## Task description:
Return every line from the one with "Surat, August 28, 2023: WRI" through the one with "Sizzling burger delight", inclusive, exactly as it appears below.
Top of Extracted entries
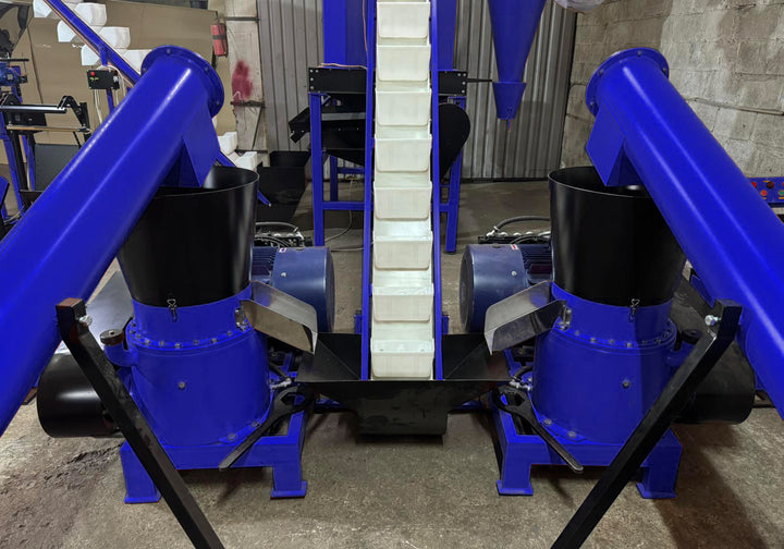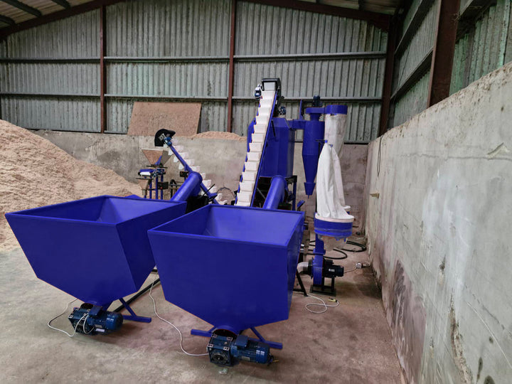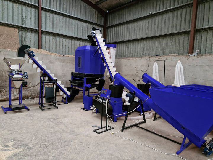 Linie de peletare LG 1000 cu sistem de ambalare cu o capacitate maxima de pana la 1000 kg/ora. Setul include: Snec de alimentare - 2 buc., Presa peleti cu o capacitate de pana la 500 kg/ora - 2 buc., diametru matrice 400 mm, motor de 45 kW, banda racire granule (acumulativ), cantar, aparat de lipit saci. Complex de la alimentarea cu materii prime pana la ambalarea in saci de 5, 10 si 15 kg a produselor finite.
Bottom of Extracted entries
Top of Extracted entries
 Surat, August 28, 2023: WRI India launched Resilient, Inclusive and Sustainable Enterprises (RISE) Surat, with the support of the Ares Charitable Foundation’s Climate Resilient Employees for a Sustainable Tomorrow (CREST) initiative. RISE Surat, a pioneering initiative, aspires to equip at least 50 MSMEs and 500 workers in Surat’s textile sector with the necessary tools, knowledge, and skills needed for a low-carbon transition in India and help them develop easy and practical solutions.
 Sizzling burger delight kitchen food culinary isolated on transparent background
Bottom of Extracted entries
## Output of the exercise:
 Surat, August 28, 2023: WRI India launched Resilient, Inclusive and Sustainable Enterprises (RISE) Surat, with the support of the Ares Charitable Foundation’s Climate Resilient Employees for a Sustainable Tomorrow (CREST) initiative. RISE Surat, a pioneering initiative, aspires to equip at least 50 MSMEs and 500 workers in Surat’s textile sector with the necessary tools, knowledge, and skills needed for a low-carbon transition in India and help them develop easy and practical solutions.
 Sizzling burger delight kitchen food culinary isolated on transparent background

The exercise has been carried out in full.